▸ Exercise description: Please repeat the whole listing exactly, but leave the pictures out.

▸ Information supplied:
----------------

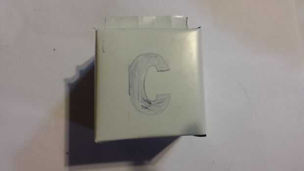 ahora porque me encanta carbono que decidí poner una C grande en el lado y por otra parte corte agujeros para el switch y el potenciómetro.
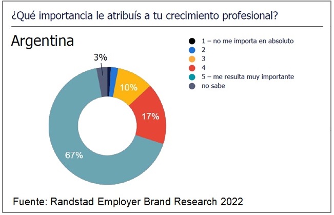 El 84% de los trabajadores argentinos considera fundamental la posibilidad de desarrollo profesional en su trabajo. Y, aunque el crecimiento profesional es considerado importante por todas las personas, resulta especialmente más importante para quienes tienen entre 25 y 34 años (88%) y para las personas con estudios universitarios o superiores (87%).
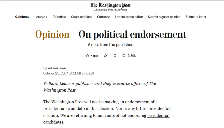 Η απόφαση της Washington Post έρχεται την ίδια στιγμή που η εφημερίδα New York Post, ιδιοκτησίας του Ρούπερτ Μέρντοκ, προέβη σε υποστήριξη του Τραμπ, αναδεικνύοντας τις πολιτικές διαφορές των δύο μέσων. Αντίστοιχα, προ ημερών παραιτήθηκε η Μαριέλ Γκάρζα, διευθύντρια σύνταξης στους Los Angeles Times, σε ένδειξη διαμαρτυρίας για την απόφαση του ιδιοκτήτη Πάτρικ Σουν-Σιονγκ να αποσύρει την υποστήριξη στην υποψηφιότητα της Χάρις.

----------------

▸ Exercise output:
 ahora porque me encanta carbono que decidí poner una C grande en el lado y por otra parte corte agujeros para el switch y el potenciómetro.
 El 84% de los trabajadores argentinos considera fundamental la posibilidad de desarrollo profesional en su trabajo. Y, aunque el crecimiento profesional es considerado importante por todas las personas, resulta especialmente más importante para quienes tienen entre 25 y 34 años (88%) y para las personas con estudios universitarios o superiores (87%).
 Η απόφαση της Washington Post έρχεται την ίδια στιγμή που η εφημερίδα New York Post, ιδιοκτησίας του Ρούπερτ Μέρντοκ, προέβη σε υποστήριξη του Τραμπ, αναδεικνύοντας τις πολιτικές διαφορές των δύο μέσων. Αντίστοιχα, προ ημερών παραιτήθηκε η Μαριέλ Γκάρζα, διευθύντρια σύνταξης στους Los Angeles Times, σε ένδειξη διαμαρτυρίας για την απόφαση του ιδιοκτήτη Πάτρικ Σουν-Σιονγκ να αποσύρει την υποστήριξη στην υποψηφιότητα της Χάρις.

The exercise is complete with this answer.